Are home CBGs adjusted in the downloaded data? How are sampling bias demographics collected?

I have two questions.

  1. SafeGraph says 30-40% of total devices have troublesome home CBGs and it proposes some methods to deal with CBG sampling bias issues, such as Post-hoc Stratification Re-Weighting. I wonder if our downloaded data has already gone through those adjustments. For example, in patterns dataset, regarding visitor_home_cbgs and distance_from_home, are the home CBGs already adjusted? Meanwhile, due to that home is only identified at the CBG level, how are the distance measured from homes to POIs? Is the home some geometric center of the CBG?

  2. SafeGraph’s sampling bias report in 2019 (Google Colab) shows sampling biases by race, income, and education. I wonder how are those demographics collected due to the data are ananymous? Is this 2019 report the most updated file about the sampling bias information?

Thank you in advance.

Hi @KANGLIN_CHEN_University_of_Florida , thanks for your questions!

  1. Can you link me to where SafeGraph says 30-40% of total devices have troublesome home CBGs and the proposed methods to fix? I believe the data is available “raw” in the sense that you would need to apply the methods yourself, but I can confirm when you link me to the source. As for the second part of the question, according this section of the SafeGraph docs, haversine distance is measured from the visitor’s home geohash-7 and the POI. From what I’ve found, geohash-7 precision gives an area of about 152m x 152m (roughly the size of a square-ish city block). Another part of the documentation that might be helpful is the Determining Home Location section.
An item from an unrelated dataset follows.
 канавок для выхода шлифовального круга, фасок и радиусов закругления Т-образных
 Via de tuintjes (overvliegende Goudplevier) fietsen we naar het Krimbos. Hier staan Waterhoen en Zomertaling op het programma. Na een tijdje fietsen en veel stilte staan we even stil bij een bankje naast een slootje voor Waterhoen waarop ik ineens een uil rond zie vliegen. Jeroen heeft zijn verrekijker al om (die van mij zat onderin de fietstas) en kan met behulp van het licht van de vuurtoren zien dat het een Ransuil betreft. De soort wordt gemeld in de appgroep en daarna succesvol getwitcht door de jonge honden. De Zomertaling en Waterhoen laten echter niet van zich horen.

  2. I believe the report you referenced is their most recent internal report. There is a slightly more recent academic paper that worked with SafeGraph to assess bias. Here is a webinar where the authors shared their research. I’m not sure if the authors did their analysis with or without the Post-hoc Stratification Re-Weighting (or any other normalization method), but that should be clear from the paper.

Hi Ryan, thank you for the kind reply!

  1. In the same file Google Colab, there are two statements: “These troublesome CBGs contain a relatively large % of the total panel devices (30-40% of total devices), " and " ~ 10% of census block groups (CBGs) show disproportionately and sometimes impossibly high number_devices_residing in the sample panel compared to the true census_population .” I wonder in our downloaded data, if the home CBGs still keep such a high rate of inaccuracy in visitor_home_cbgs, distance_from_home, and the provided panel data (i.e., number_devices_residing) at the CBG level.
    Meanwhile, under others’ questions, I saw someone replied that SafeGraph’s panel data is frequently updated along time (how frequent?). I am dealing with county-level monthly pattern data of 2019-2020 and 2021-2022. Do you think it is “quite important” for me to normalize the number of visits by panel data (e.g., using residing devices to compute sampling rates in each county for different time)?

  2. I also wonder how the demographic biases (i.e., race, income, and education) are assessed.

  3. I have a follow-up question under another thread about sampling rates that has not been answered. This is related to my first question here. Can you please also look at it? Questions about normalized_visits_ by_state_scaling - #7 by Connie_Chen_University_of_Florida

Hi @Connie_Chen_University_of_Florida , you are welcome! I’ll try to provide some clarity.

  1. For the first question, it is possible the troublesome CBGs will be present in the data you downloaded. The “CBG sink” issue appears several times on SafeGraph’s Known Issues or Data Artifacts page. CBG-level normalization (or micro-normalization) should help with the issue, as it scales the raw number_devices_residing by the Census population estimates, when uses visitor_home_cbgs to more accurately attribute visits.
    a. For the second question, SafeGraph’s panel is updated roughly every month. I believe it is partly changing due to changes in reality (e.g., people moving from place to place) and partly because of improved/updated source data/processes on their side. For best results, I would suggest using the same month’s panel data to normalize the visits (June 2022 panel should be used to normalize June 2022 Patterns).

  2. I believe a great resource for this is the paper I referenced earlier. I don’t think they did any normalization, which could have a major impact.

  3. I will take a look at this other post later today when I get a chance!